Kirk employs 15-year-old Adam Dunning’s story as a cautionary tale for parents and educators alike. Adam mirrored Nathan in that he demonstrated reading problems in Grade Two. Unlike Nathan, Adam’s academic scores labeled him as an average student. Teachers identified his learning problems as behavioral: he was deemed “lazy,” and his school took no further action (Kirk, 2002).
As Levine astutely observed, the real pressure for learning disabled kids is social. Social setbacks encountered by learning disabled children make their educational experience incredibly painful. Some are bullied, picked on, and verbally abused, and the likelihood that they will avoid school altogether to avoid that socially generated pain becomes extremely high. Adam’s Grade Seven test scores revealed that he read at a Grade Three level. He was unable to decode multi-syllabic words (Kirk, 2002). Bewildered, his parents asked the school how Adam had fallen through the cracks. The school’s answer was to place him in remedial classes. Already a teenager by this point, attending the remedial classes mortified Adam to such an extent that he began skipping school. Adam interpreted the remedial classes as proof that his intelligence was worthless. He turned to drugs and alcohol to escape the pain, and soon after, spent three months in a juvenile detention center for breaking (Kirk, 2002).

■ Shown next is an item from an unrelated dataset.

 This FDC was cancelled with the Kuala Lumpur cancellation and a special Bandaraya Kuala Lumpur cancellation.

At this point in the film, Kirk recounts Adam’s bittersweet experience while incarcerated. Adam enjoyed the small classes and individual attention the juvenile detention center’s educational component offered. Ironically, it was the first time he had ever felt good about school (Kirk, 2002). Sadly, three months later, Adam’s return to the Special Education classes at his high school was short-lived. Expelled after a year, Adam dropped out of high school and began working full time (Kirk, 2002).

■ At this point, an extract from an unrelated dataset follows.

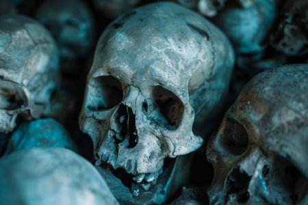 A collection of skulls stacked closely together, forming a pile on the ground. Each skull sits next to the other, creating a macabre scene of death and decay.

According to Lyon, early intervention would have been the deciding factor in Adam’s educational experience, as it was in Nathan’s. Lyon points to the reality that many states predict prison populations based on Grade Three and Grade Four literacy levels. Children who are not reading by these grades, in Lyon’s experience, never do learn. Instead, they begin to travel down the lonely road of societal alienation, loss of self-esteem, substance abuse, and, as shown by Adam’s case, cyclical incarceration. As a result, Lyon feels that learning disabilities are a public health issue because the children that do not receive the specialized educational support they require can grow into disenfranchised adults, or worse, drug addicts and criminals. Early intervention, including prompt diagnosis of a learning disability and rapid action to confront not only its academic impact, but its social impact also, can be the difference between a life of purpose and opportunity, and a life lost to low self-esteem, crime, drugs, and alcohol abuse (Kirk, 2002).
Works Cited
Misunderstood Minds. Dir. Michael Kirk. Perf. Adam Dunning, Sarah Lee Harris, Lauren Smith, Nathan Suggs and Nathan VanHoy. WGBH Boston and Kirk Documentary Group, 2002. DVD.